Spock: Very simple. Amplitude modulation transmission. Simply adjust the frequency, throw this switch. The Enterprise should answer.
Radio Voice: That was the Jailbreakers with their latest recording on Request Time, brought to you by Bang-Bang, the makers of the sweetest little automatic in the wor...
Spock: [switches radio off] Fascinating.
Dr. McCoy: And very simple.
Spock: [on the 1920's Chicago-style world] Fascinating.
Dr. McCoy: This is like coming home.
Capt. Kirk: Home was never like this.
Spock: Captain... you are an excellent starship commander. But as a taxi driver, you leave much to be desired.
Capt. Kirk: It was that bad?
Capt. Kirk: [into communicator] Kirk to Enterprise.
Scott: Enterprise. Scott here, sir.
Capt. Kirk: [talking like a Chicago mobster] You got Krako on ice?
Scott: Aye, he's here. Mad enough to chew neutronium, but behavin' himself.
Capt. Kirk: OK, baby, cool him until I flag you.
Scott: Flag me?
Capt. Kirk: [normal voice] Keep him there until I send for him.
Capt. Kirk: [as mobster] We're gonna make some old-style phone calls from this locale. So you, ah, locate the man at de other end o' de blower and give 'im a ride to this flop.
Capt. Kirk: [normal voice] Find the man at the other end of the phone and transport him to these coordinates.
Capt. Kirk: [back as mobster] Can do, sweetheart?
Scott: [dubiously] Can do, Captain.
Dr. McCoy: Well, those firearms are not necessary.
Kalo: You tryin' to make trouble?
Dr. McCoy: Who, me?
Kalo: Don't give me those baby blue eyes.
Dr. McCoy: What?
Kalo: I don't go for that innocent routine.
Scott: Lt. Hadley. Check the language banks and find out what a... "heater" is.
Capt. Kirk: This, uh... this card game is a kid's game.
Kalo: You think so, huh?
Capt. Kirk: Oh, yes. Yes. I wouldn't waste my time.
Kalo: Who's askin' you?
Capt. Kirk: On, er, Beta Antares IV, they play a real game. It's a man's game, but, of course, probably a little beyond you. It requires intelligence.
Jojo Krako: Whadda ya think, we're stupid or something?
Capt. Kirk: No, no, no, I don't think you're stupid, Mr. Krako, I just think your behavior is arrested.
Jojo Krako: [shouting] I've never been arrested in my whole life!
Spock: Mr. Oxmyx, this is Mr. Spock.
Bela Oxmyx: [using a stolen communicator] Huh? Hey, how'd you get back up there?
Spock: Irrelevant, since we are here.
Bela Oxmyx: Huh, yeah. Hey, you better come on back down. Krako's put the bag on your captain.
Spock: Why would he put a bag on our captain?

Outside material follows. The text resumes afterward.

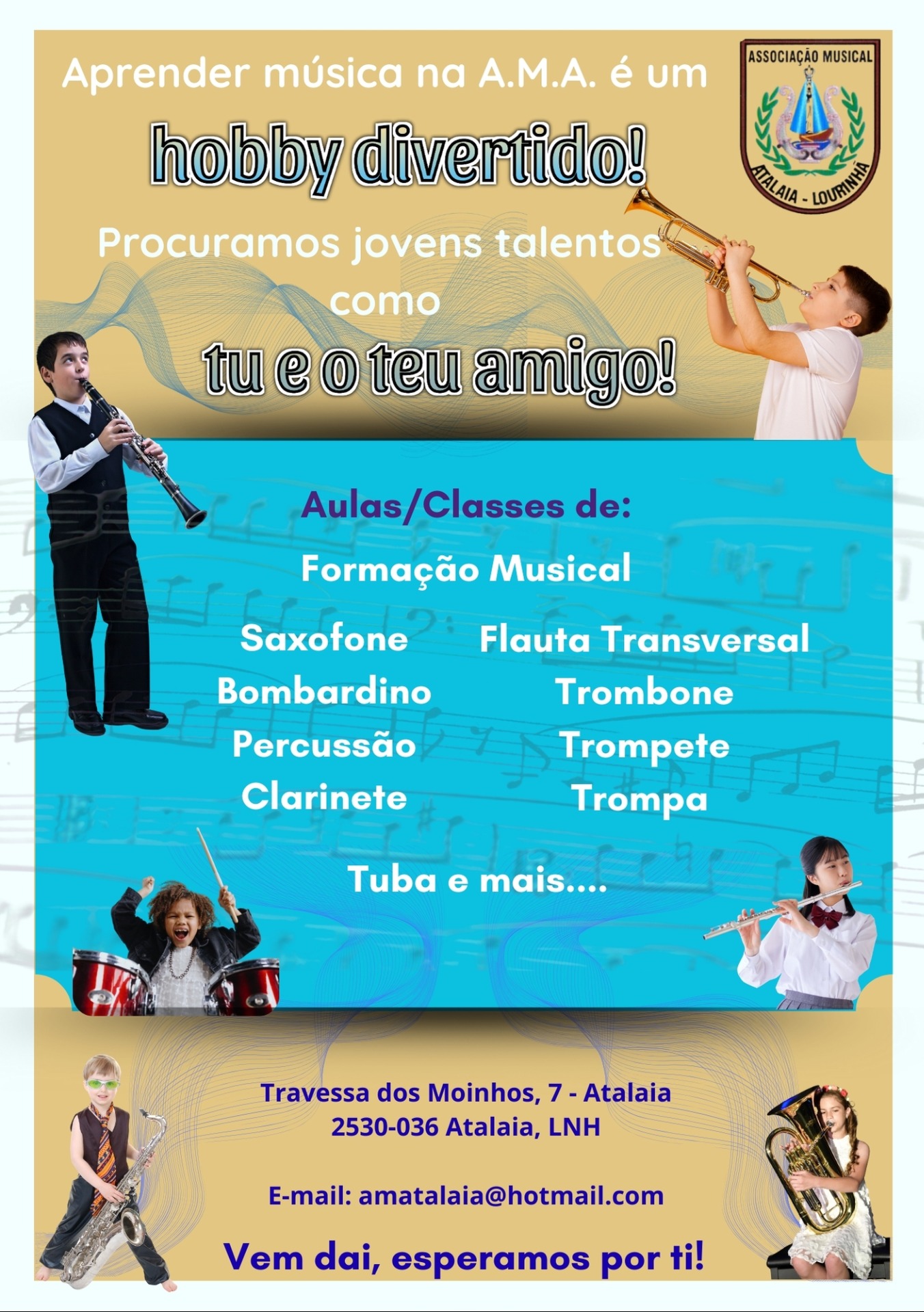 A convite, as portas da Associação Musical de Atalaia encontram-se sempre abertas a todos os que queiram aprender a tocar um instrumento ou a participar na arte de fazer música.

Bela Oxmyx: Kidnapped him, ya dope. He'll scrag him, too.
Capt. Kirk: Now, listen, sweetheart, the Federation's movin' in. We're takin' over. You play ball, we'll cut choo in for a piece o' de pie. You don't, you're out - ALL de way out, you know what I mean?
Capt. Kirk: Hold on, Spock. Out of the mouth of babes...
Tough Kid: Who you callin' a babe?
Capt. Kirk: I'm calling you a babe.
Tough Kid: You calling me a babe?
Capt. Kirk: Yeah I'm callin'...
[the boy brandishes a knife]
Capt. Kirk: I'm callin' you a babe, but there's nothing personal in it.
Capt. Kirk: Can you trust all your men?
Jojo Krako: Course I can!
Capt. Kirk: [indicating the phaser in Kravo's hand] Well, one of these can make a man a pretty big boss, you know?
Jojo Krako: I either trust 'em or they're dead.
Bela Oxmyx: Okay. A syndicate makes sense to me. I'm a peaceful man at heart, but I'm sick and tired of all these hits. I hit Krako, Krako hits Tepo, Tepo hits me. There's too many bosses. We can't get anything done.